• [Exercise description] Every line of the data below is to be given again as it appears, with the images removed.

□ □ □ □ □ □ □

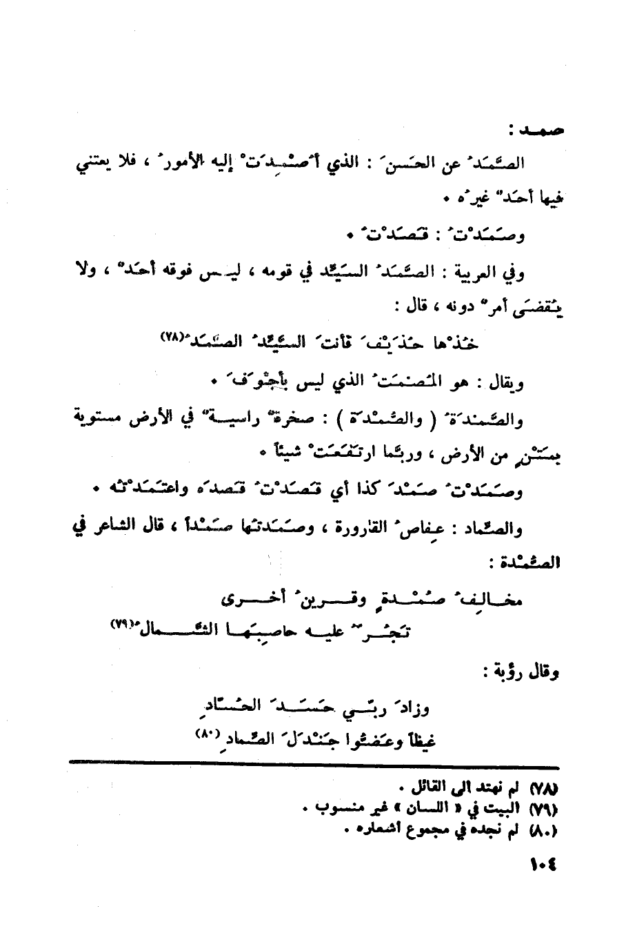 صمد: الصَّمَدُ عن الحَسنَ: الذي أصمدت إليه الأمورُ، فلا يعتني فيها أحَدٌ غيرُه. وصَمَدْتُ: قَصَدْتُ. وفي العربية: الصَّمَدُ السّيِّد في قومه، ليس فوقه أحَدٌ، ولا يُقضَى أمرٌ دونه، قال:
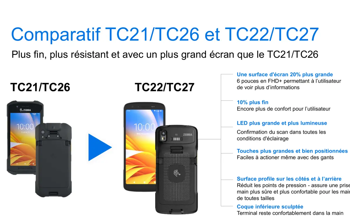• Possède un écran 20 % plus grand : 5 pouces pour le TC21 et 6 pouces pour le TC22
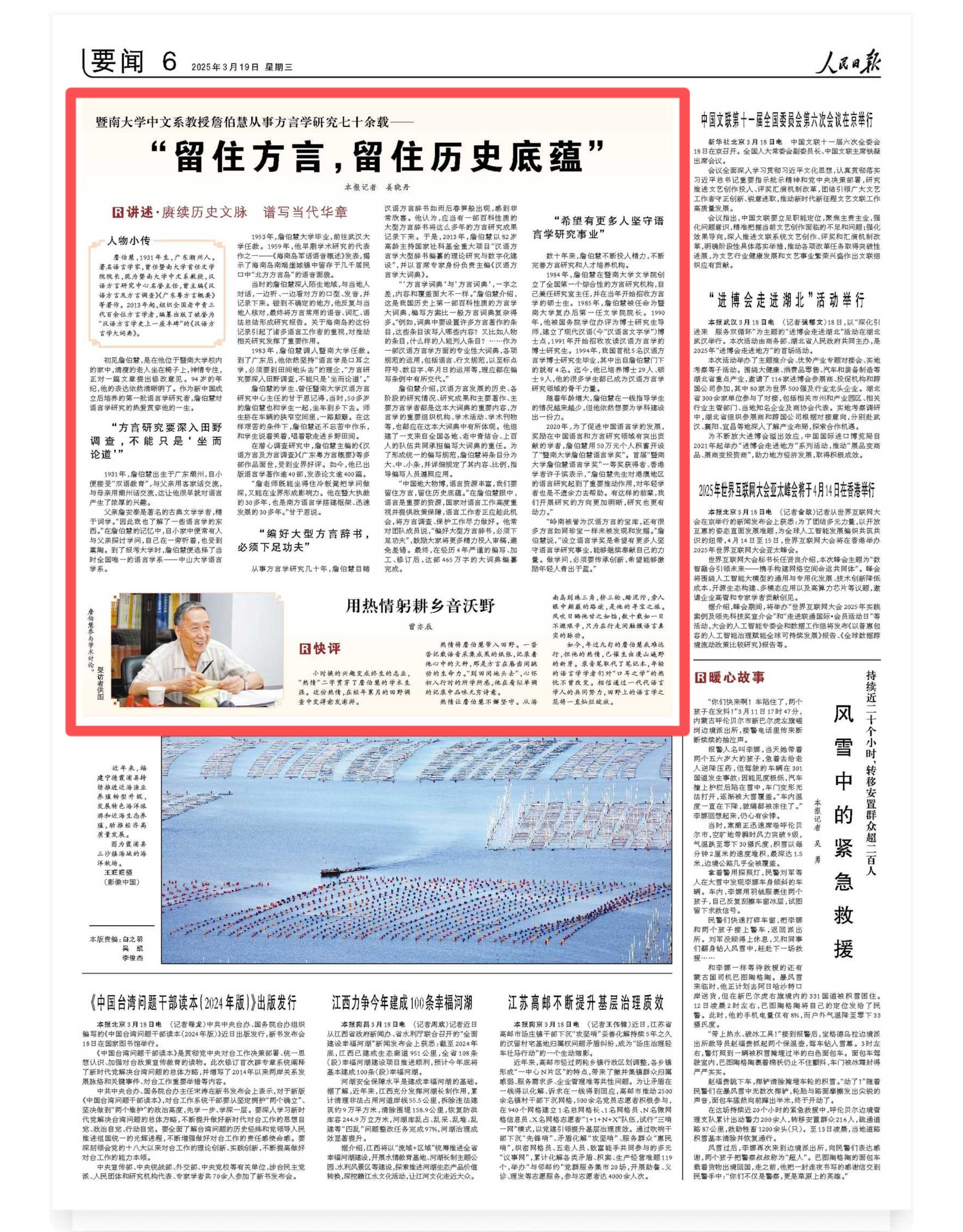 《人民日报》报道民盟暨南大学委员会原主委詹伯慧教授:“留住方...
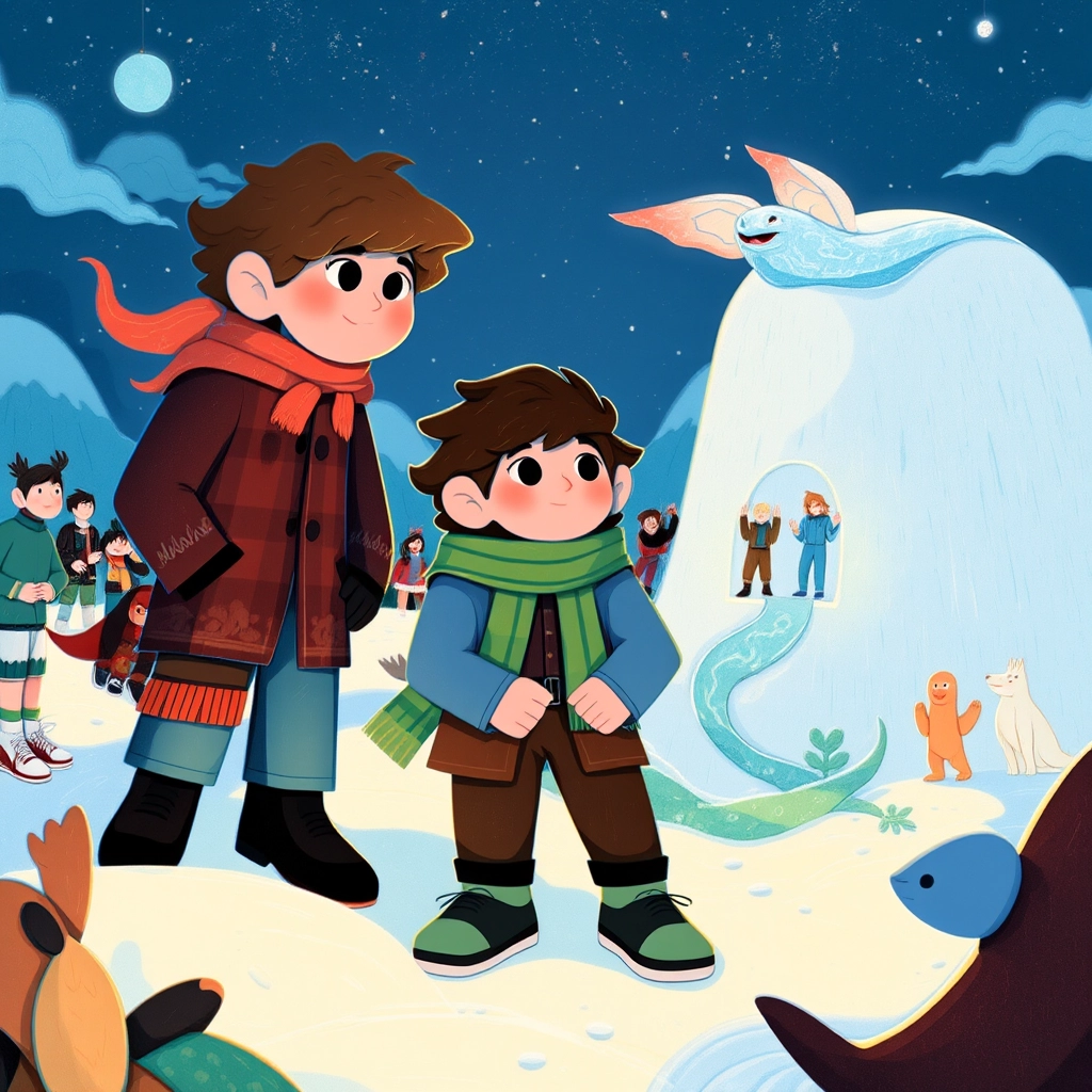 As they walked home under the cold, starry sky, they spotted a luminous snowflake landing on [Max](4GNKNPZS)’s mitten. “Every snowflake is unique!” said [Lily](7ZPSCZ9F) with wonder. “Kind of like us.” They laughed together, their hearts warmed by unforgettable memories.
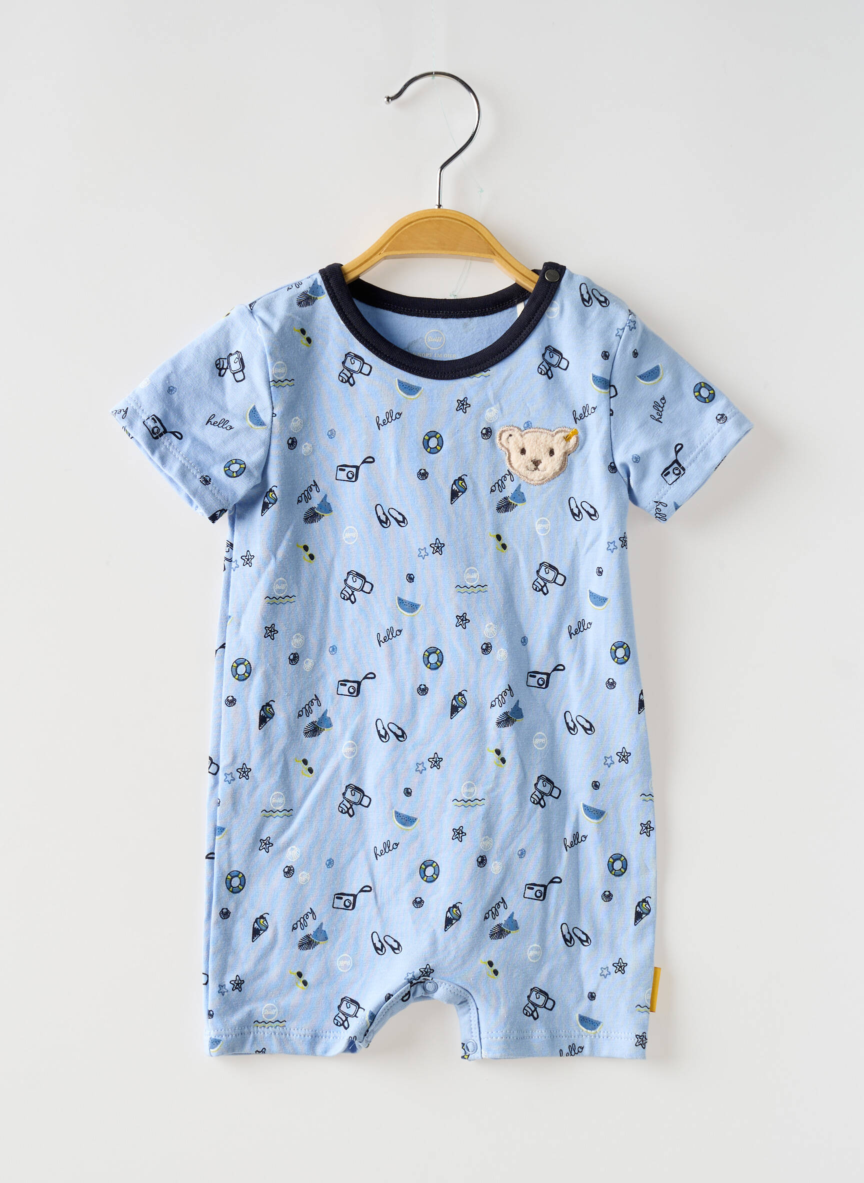 Voici une opportunité à saisir pour habiller votre petit garçon à moindre coût avec ce combishorts STEIFF plein de charme, affichant un délicat coloris bleu agrémenté de motifs ludiques et du célèbre petit ours en écusson, le tout rehaussé par une encolure contrastée qui apporte une touche de modernité à ce basique confortable et pratique pour tous les jours. N’attendez plus pour profiter de ce bon plan et offrir à votre enfant le style STEIFF à petit prix !

□ □ □ □ □ □ □

• [Answer box]
 صمد: الصَّمَدُ عن الحَسنَ: الذي أصمدت إليه الأمورُ، فلا يعتني فيها أحَدٌ غيرُه. وصَمَدْتُ: قَصَدْتُ. وفي العربية: الصَّمَدُ السّيِّد في قومه، ليس فوقه أحَدٌ، ولا يُقضَى أمرٌ دونه، قال:
• Possède un écran 20 % plus grand : 5 pouces pour le TC21 et 6 pouces pour le TC22
 《人民日报》报道民盟暨南大学委员会原主委詹伯慧教授:“留住方...
 As they walked home under the cold, starry sky, they spotted a luminous snowflake landing on [Max](4GNKNPZS)’s mitten. “Every snowflake is unique!” said [Lily](7ZPSCZ9F) with wonder. “Kind of like us.” They laughed together, their hearts warmed by unforgettable memories.
 Voici une opportunité à saisir pour habiller votre petit garçon à moindre coût avec ce combishorts STEIFF plein de charme, affichant un délicat coloris bleu agrémenté de motifs ludiques et du célèbre petit ours en écusson, le tout rehaussé par une encolure contrastée qui apporte une touche de modernité à ce basique confortable et pratique pour tous les jours. N’attendez plus pour profiter de ce bon plan et offrir à votre enfant le style STEIFF à petit prix !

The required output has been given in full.